Железнодорожник ушёл, и на широком, ярко освещённом перроне стало пусто. Иван подошёл к самым рельсам и остановился, прислушиваясь. Вдали уже гремел подходивший к Калиновке товарный поезд.
ГЛАВА ВОСЕМНАДЦАТАЯ
В тот день всё не ладилось у Кирилла Сидоренко. Директор авторемонтной базы сказал, что приступить к работе можно только с первого числа. Слоняться без работы уже надоело. Отпуск, данный самому себе, осточертел.
В последнее время даже Анастасия Петровна совсем неуважительно разговаривала со своим постояльцем, взяла моду насмехаться над ним. По мере того как денег у Кирилла становилось меньше, она требовала их всё больше.
Но на этот раз старуха пришла домой, не имея намерения ссориться. Наоборот, было в её улыбке что-то льстивое, хотя одновременно и ехидное. Она вошла в дом, перекрестилась на образа, села к столу.
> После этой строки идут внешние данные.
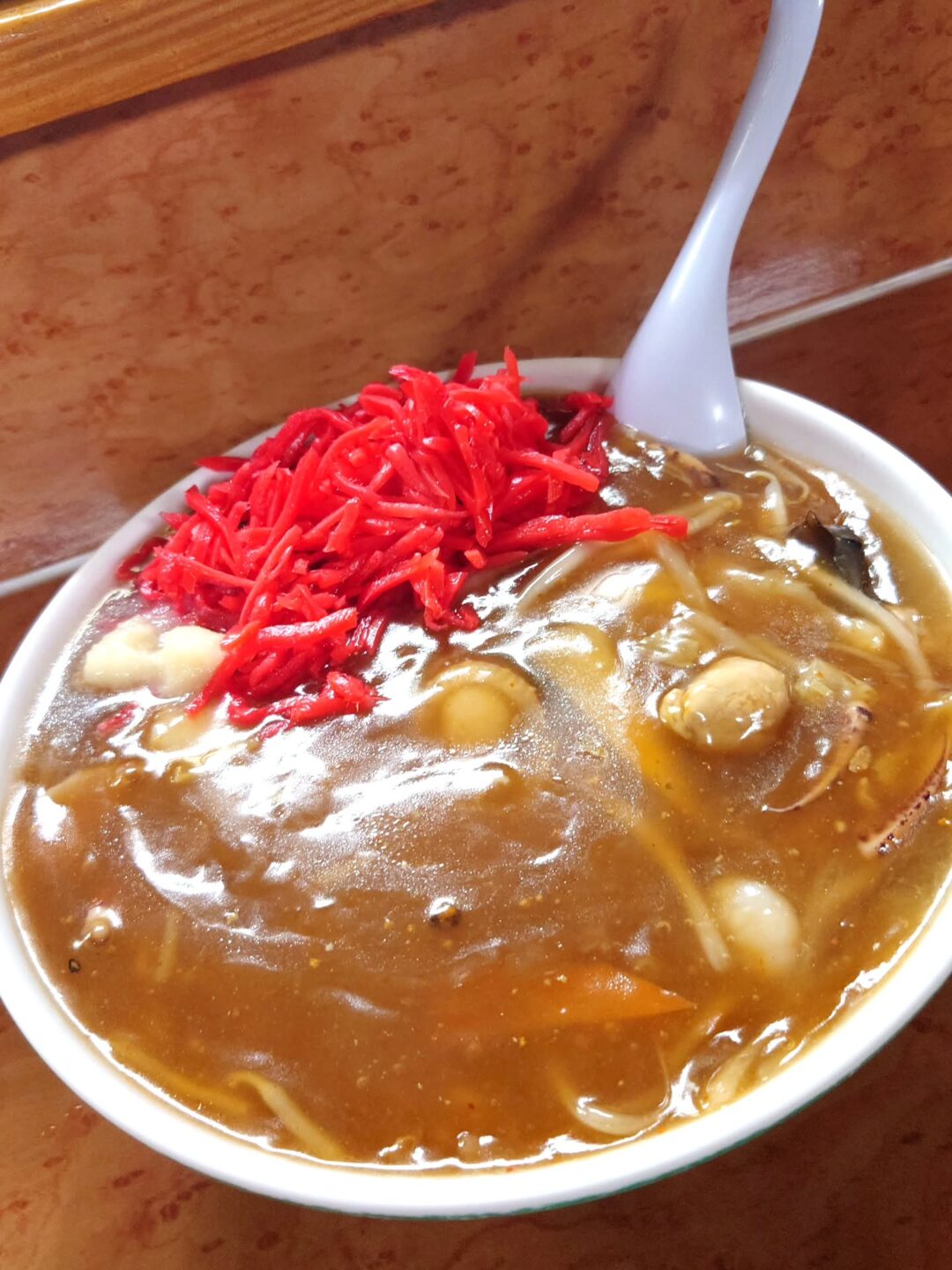 - 濃い目の餡掛け醤油に魚介たっぷり具材が最高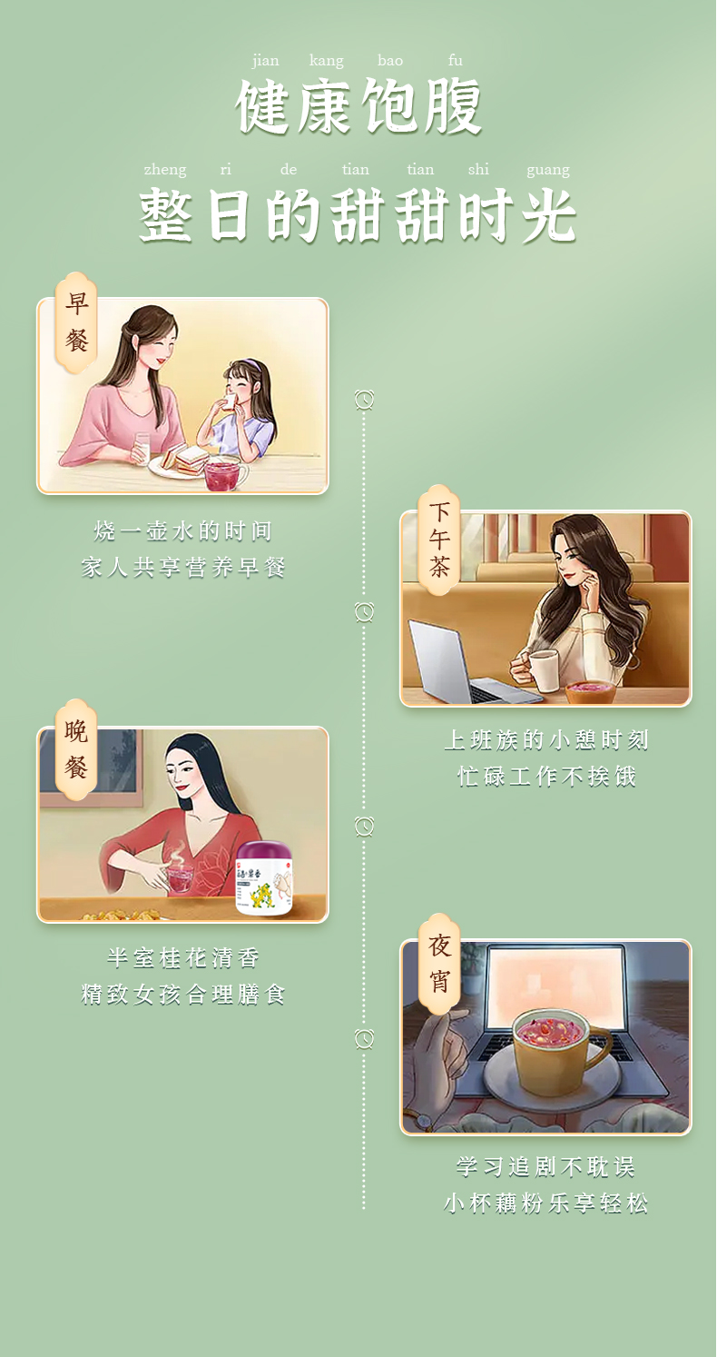 【食用方法】取3-5勺左右粉粉倒入杯中(约40g),加入少量冷开水(约10ml)搅拌均匀,再加入开水95°以上边冲边搅拌,直至透明状即可

— А я сегодня опять в Калиновке была, прости, господи, меня, грешную… — объявила она.
Кирилл насторожился, но не сказал ни слова.
— Там такое про Ивана Железняка, про моего дорогого родственничка, люди рассказывают — прямо сердце радуется. Половинка в отпуск поехал, а Иван, мой родненький, теперь всей бригадой командует.
— Враньё! — спокойно отозвался Кирилл. — Зелен он ещё бригадиром быть.
— А он и не бригадир, — проговорила Анастасия Петровна. — За бригадира там Хоменко поставлен — такая шляпа, такая раззява, не приведи господи! Так Ванюша, рассказывают, всю бригаду в руки взял и командует. Ну чисто тебе инженер!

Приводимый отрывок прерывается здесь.